:: Available data ::

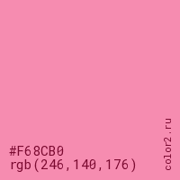 Цвет #F68CB0 в цветовой модели RGB обозначается тремя октетами (246, 140, 176) в десятичном формате и #F68CB0 в шестнадцатиричном (hex) формате, которые являются интенсивностью красного 246 (hex F6), интенсивность зелёного 140 (hex 8C) и интенсивность синего 176 (hex B0).
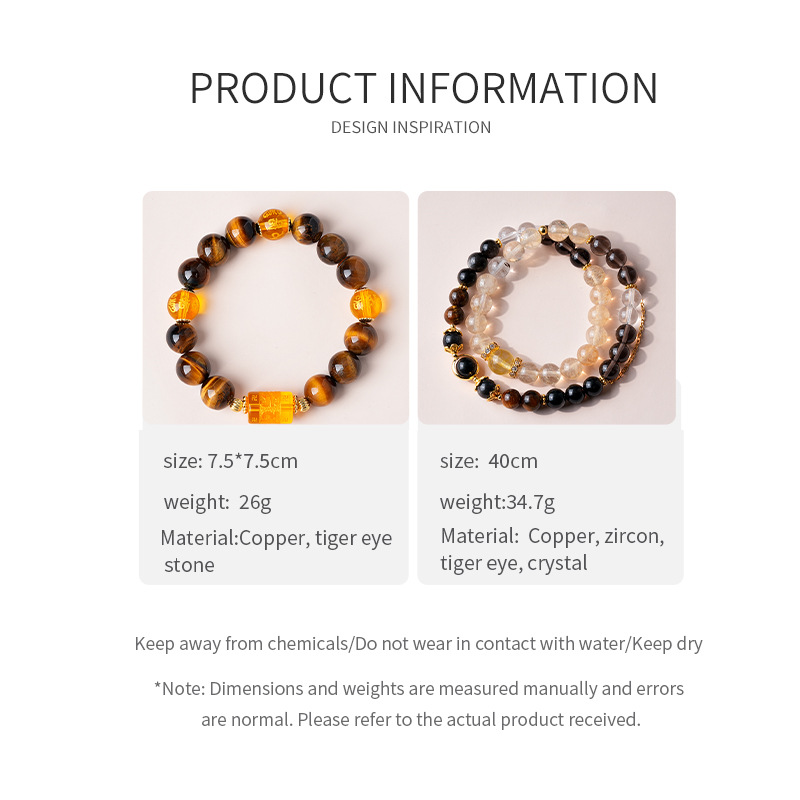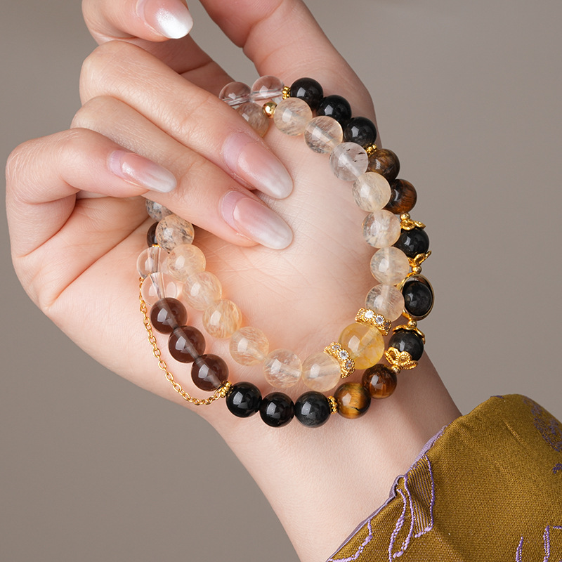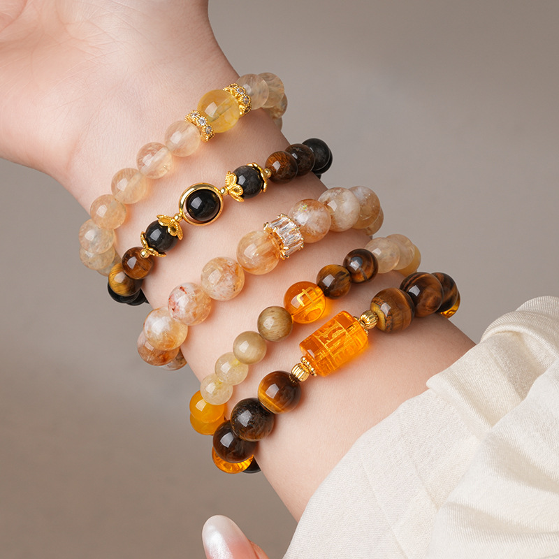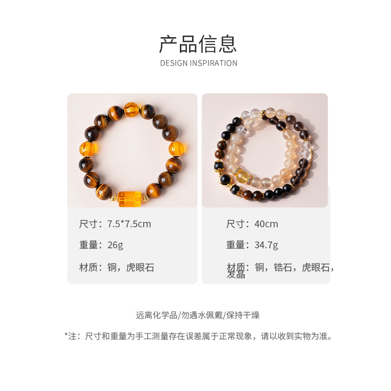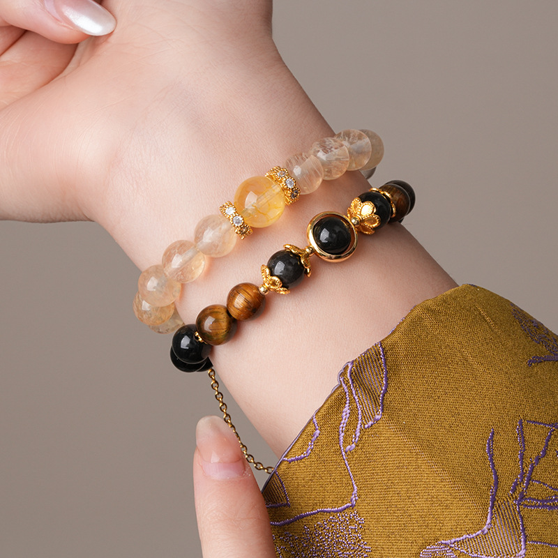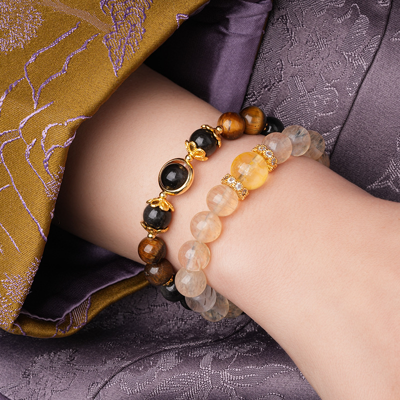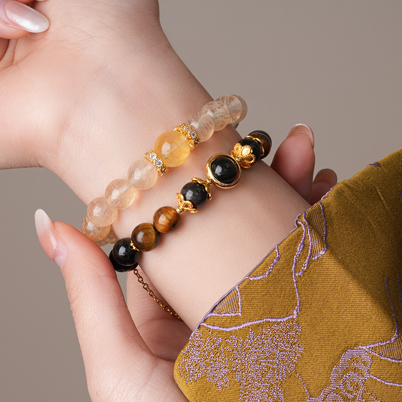 美拉德虎眼石发晶水晶手链复古高级感精致手串个性通勤百搭手饰女
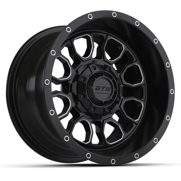 12″ GTW Volt Wheel in Black & Machined finish features a 12×7 size with 3:4 offset (ET -.25). Includes matching center cap; lug nuts sold separately. Be sure to order a full set of 4 wheels.
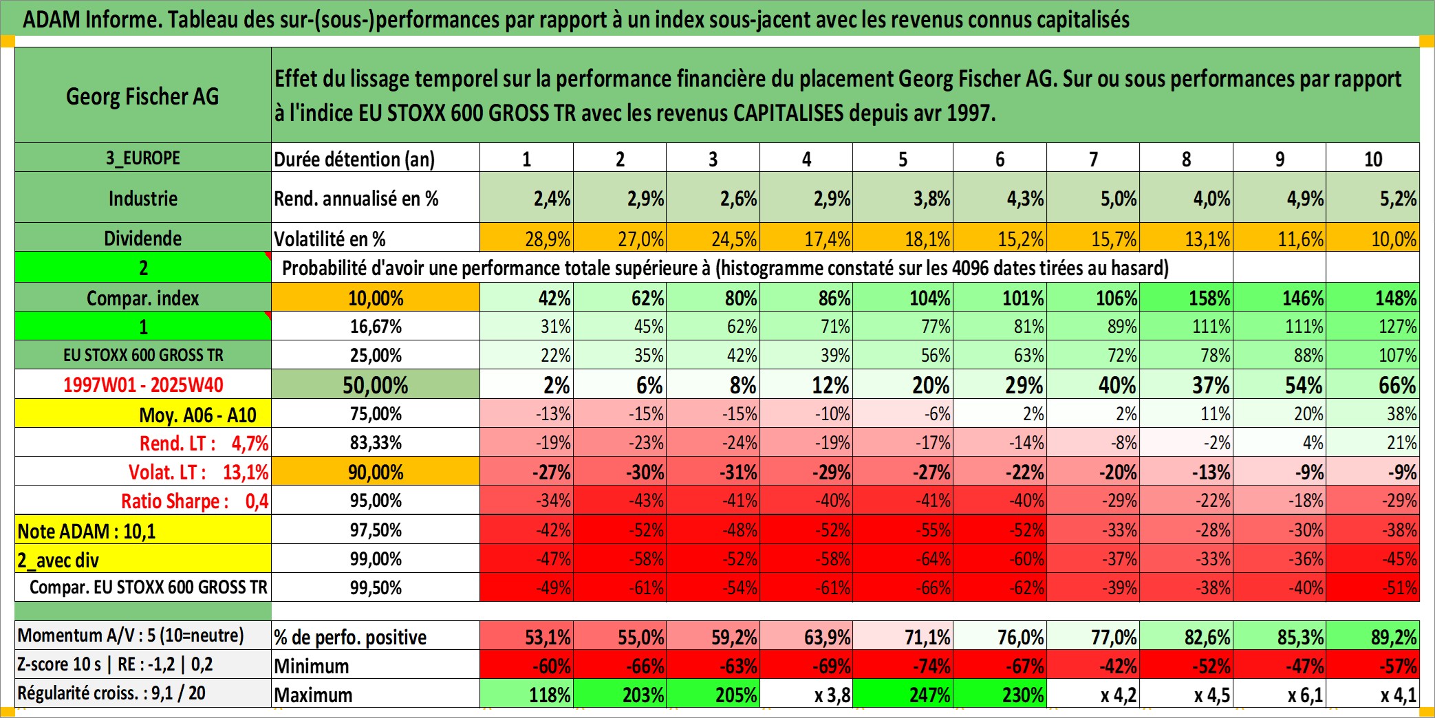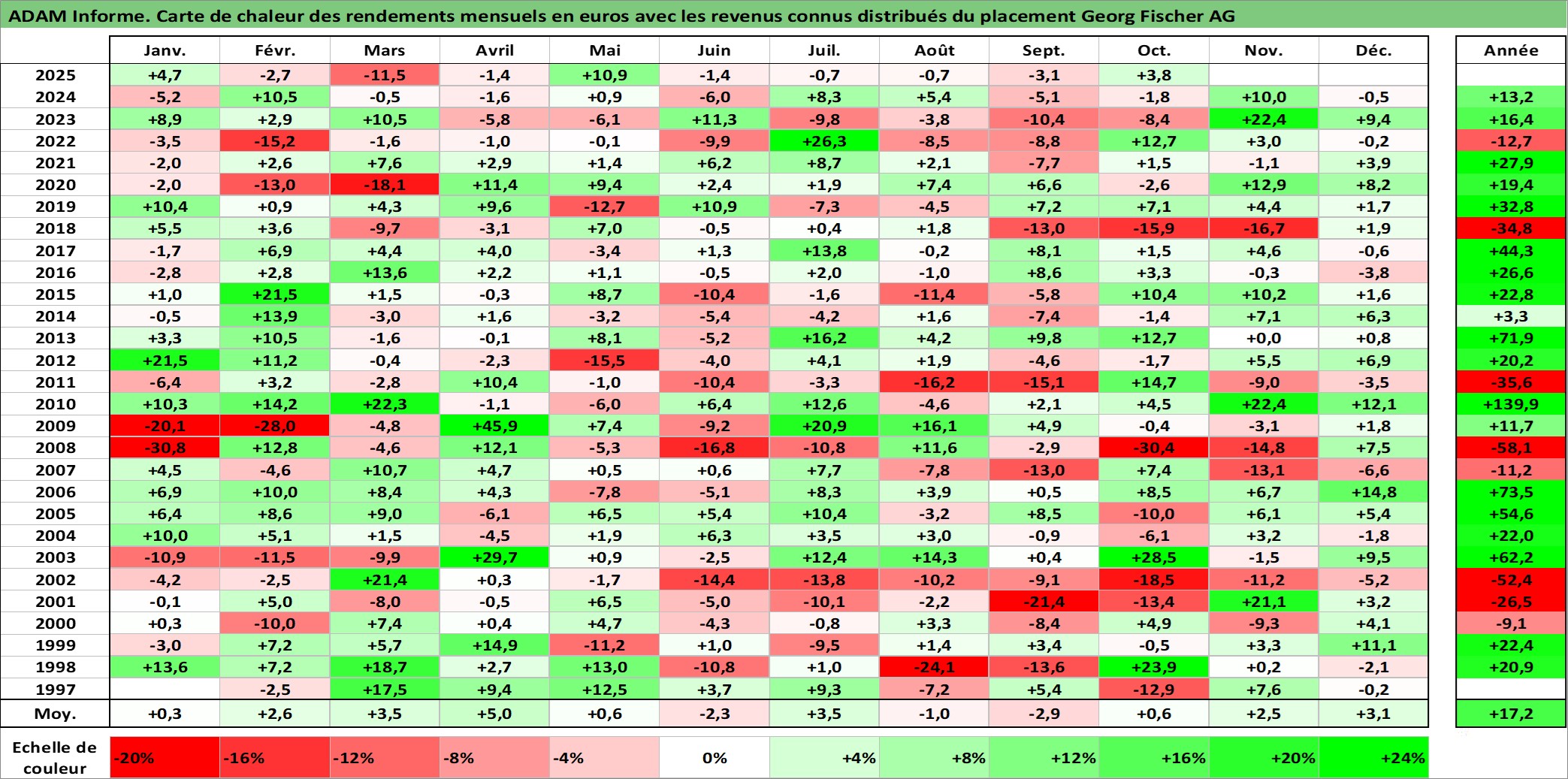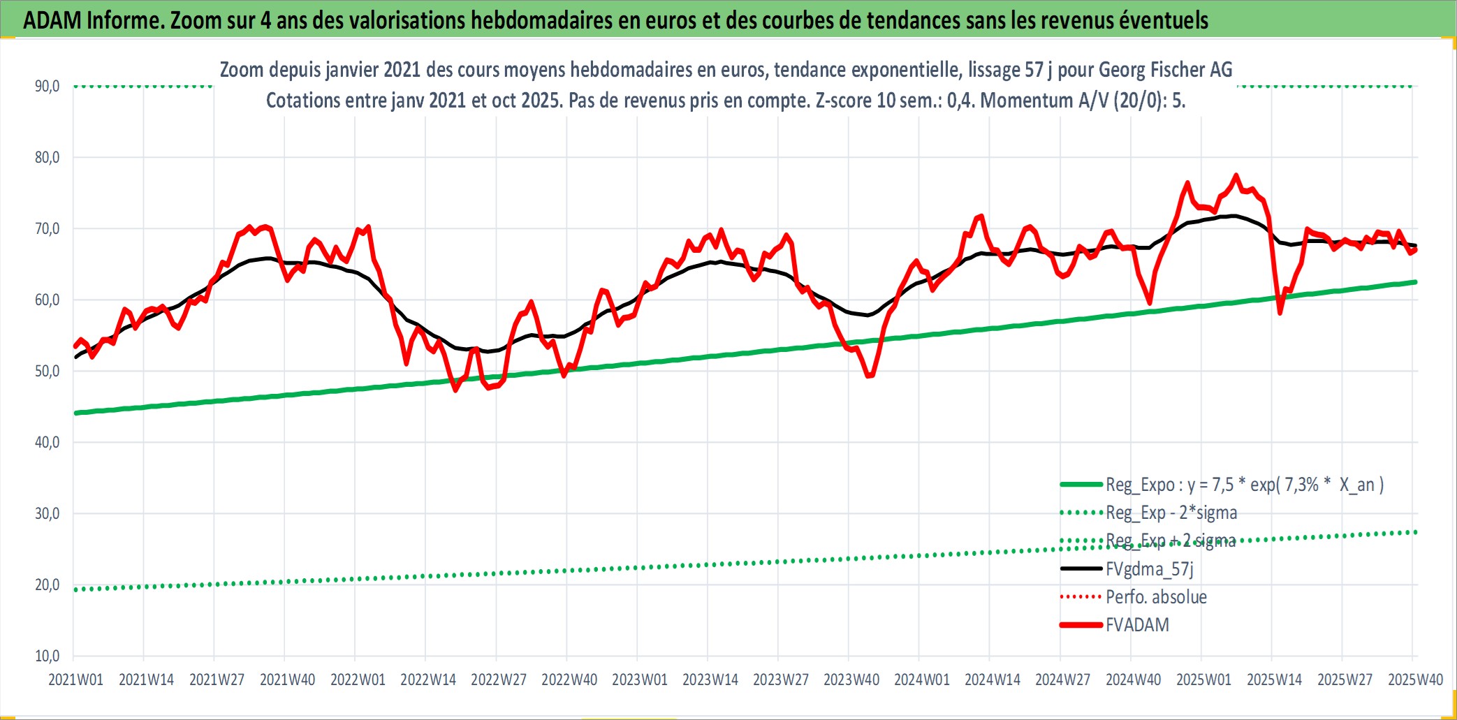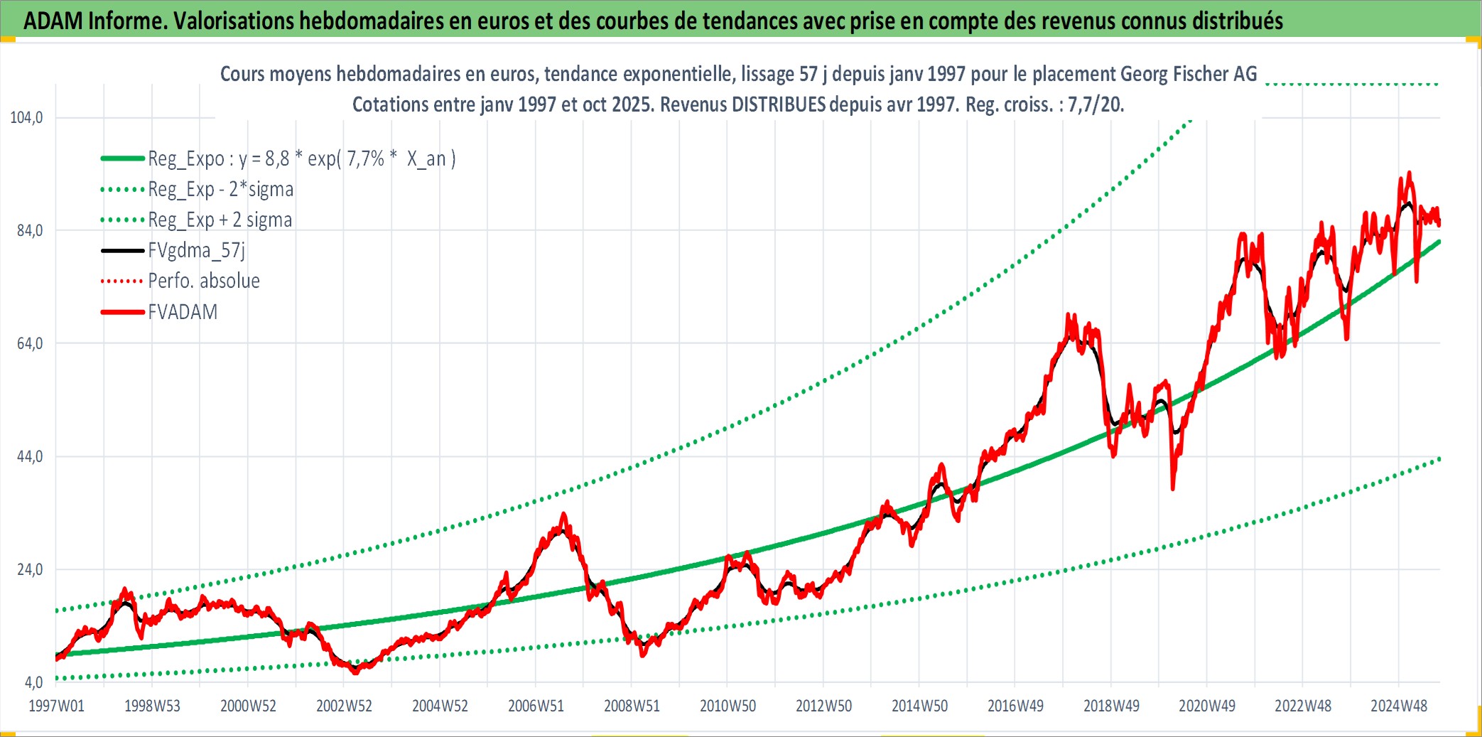 Site dédié aux investisseursPage dédiée sur site financeAnalyse des valorisations hebdomadaires de l'action Georg Fischer AG. Cet actif est cote en CHF. Les valorisations sont en contrevaleur EURO et couvrent les semaines 1997W01 a 2025W40. Les revenus de cet actif financier sont pris en compte depuis la semaine 1997W15. La note ESG de cet actif n'est pas connue.
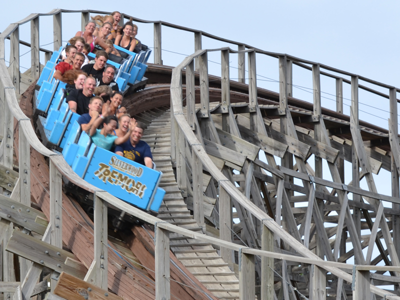 When I was growing up in the 1950's my folks always talked about "The Pike" over in Long Beach, California. It was a wooden roller-coaster that was built right on the beach, and most of the run went out over the ocean water. It was painted white, but other than that, I think it would have fit in pretty well with the two big coasters at Silverwood.
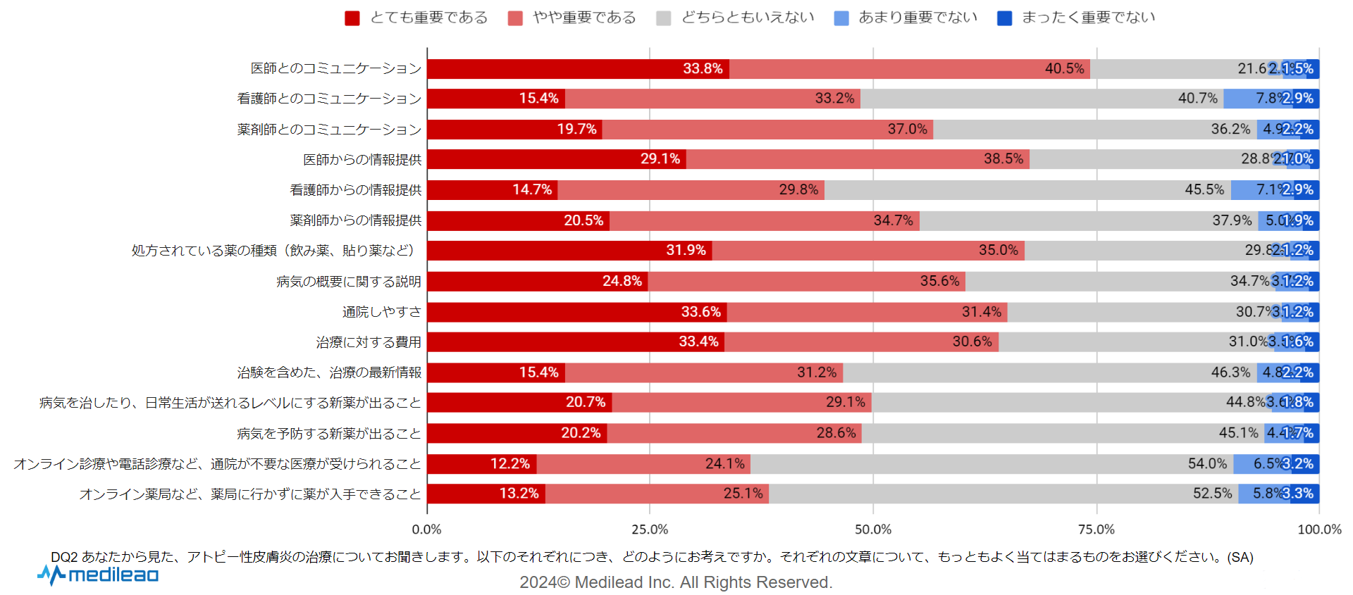 〈図3〉アトピー性皮膚炎の治療で重要性が他と比較して低い項目は「看護師とのコミュニケーション、情報提供」と「オンライン診療、薬局」に関する項目であった。
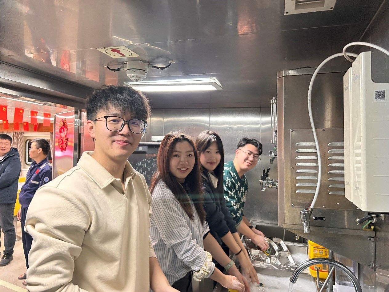 除海洋相关课程外,同学们共同聆听了中国海洋大学新闻中心总编辑李华昌老师讲述图片拍摄基础技能及实践要点,学习海上摄影的构图、光线、角度等,并对特定场景拍摄的注意事项有了初步了解。此外,同学们与全船学生共同参与餐后餐盘清洗、食堂打扫等工作,以劳育美,以美促劳,树立主人翁意识,与美丽海洋“双向奔赴”。

:::

■ Directions for this task:
Retype the records above line for line and exactly, omitting their pictures.

■ Task result:
 Цвет #F68CB0 в цветовой модели RGB обозначается тремя октетами (246, 140, 176) в десятичном формате и #F68CB0 в шестнадцатиричном (hex) формате, которые являются интенсивностью красного 246 (hex F6), интенсивность зелёного 140 (hex 8C) и интенсивность синего 176 (hex B0).
 美拉德虎眼石发晶水晶手链复古高级感精致手串个性通勤百搭手饰女
 12″ GTW Volt Wheel in Black & Machined finish features a 12×7 size with 3:4 offset (ET -.25). Includes matching center cap; lug nuts sold separately. Be sure to order a full set of 4 wheels.
 Site dédié aux investisseursPage dédiée sur site financeAnalyse des valorisations hebdomadaires de l'action Georg Fischer AG. Cet actif est cote en CHF. Les valorisations sont en contrevaleur EURO et couvrent les semaines 1997W01 a 2025W40. Les revenus de cet actif financier sont pris en compte depuis la semaine 1997W15. La note ESG de cet actif n'est pas connue.
 When I was growing up in the 1950's my folks always talked about "The Pike" over in Long Beach, California. It was a wooden roller-coaster that was built right on the beach, and most of the run went out over the ocean water. It was painted white, but other than that, I think it would have fit in pretty well with the two big coasters at Silverwood.
 〈図3〉アトピー性皮膚炎の治療で重要性が他と比較して低い項目は「看護師とのコミュニケーション、情報提供」と「オンライン診療、薬局」に関する項目であった。
 除海洋相关课程外,同学们共同聆听了中国海洋大学新闻中心总编辑李华昌老师讲述图片拍摄基础技能及实践要点,学习海上摄影的构图、光线、角度等,并对特定场景拍摄的注意事项有了初步了解。此外,同学们与全船学生共同参与餐后餐盘清洗、食堂打扫等工作,以劳育美,以美促劳,树立主人翁意识,与美丽海洋“双向奔赴”。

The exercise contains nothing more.